Which of the following statements are true about handling categorical values?


a) One-hot encoding is the most effective approach for handling all categorical data.

b) One-hot encoding increases the dimensionality of the data.

c) Target encoding uses the target variable to estimate the value of each category in a categorical variable.

d) Label encoding can be useful for features with a large number of categories.

e) No encoding is also sometimes the best option for handling categorical variables.

f) Label encoding assigns arbitrary numerical values to categories in a categorical variable.

### Correct Option: b, c, f

### Explanation:

The true statements about handling categorical values are:

b) One-hot encoding increases the dimensionality of the data. This is because every category in the original variable is represented by a new binary feature in the one-hot encoded data.

c) Target encoding uses the target variable to estimate the value of each category in a categorical variable. This is done by calculating the average target value for each category and using that value to represent the category.

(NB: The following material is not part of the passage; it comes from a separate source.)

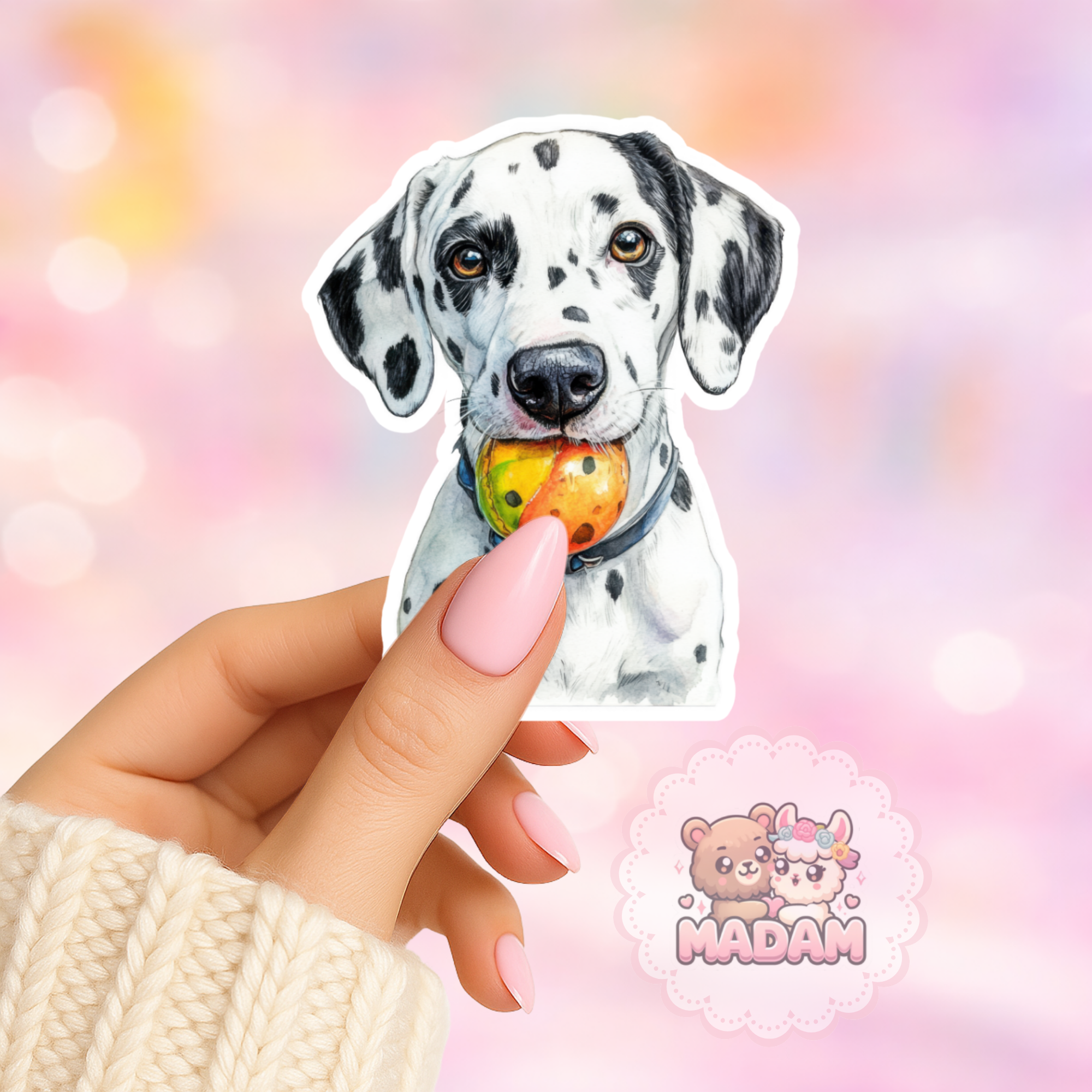 Naklejka foliowa piesek dalmatyńczyk z piłką MaDam Creative

f) Label encoding assigns arbitrary numerical values to categories in a categorical variable. This is done by assigning a - unique integer to each category, but the order of the integers does not necessarily reflect the order of the categories.
The incorrect statements are:

a) One-hot encoding is the most effective approach for handling all categorical data.
- This is not true, as other encoding techniques, such as label encoding and target encoding, may be more suitable for certain types of categorical data.

d) Label encoding can be useful for features with a large number of categories.
- This is not true because when there are many categories, label encoding can create a large number of features, which can increase the dimensionality of the data and make it difficult for the model to learn.

e) No encoding is also sometimes the best option for handling categorical variables:
- Not true.
- Encoding is generally necessary for machine learning models to interpret categorical data correctly.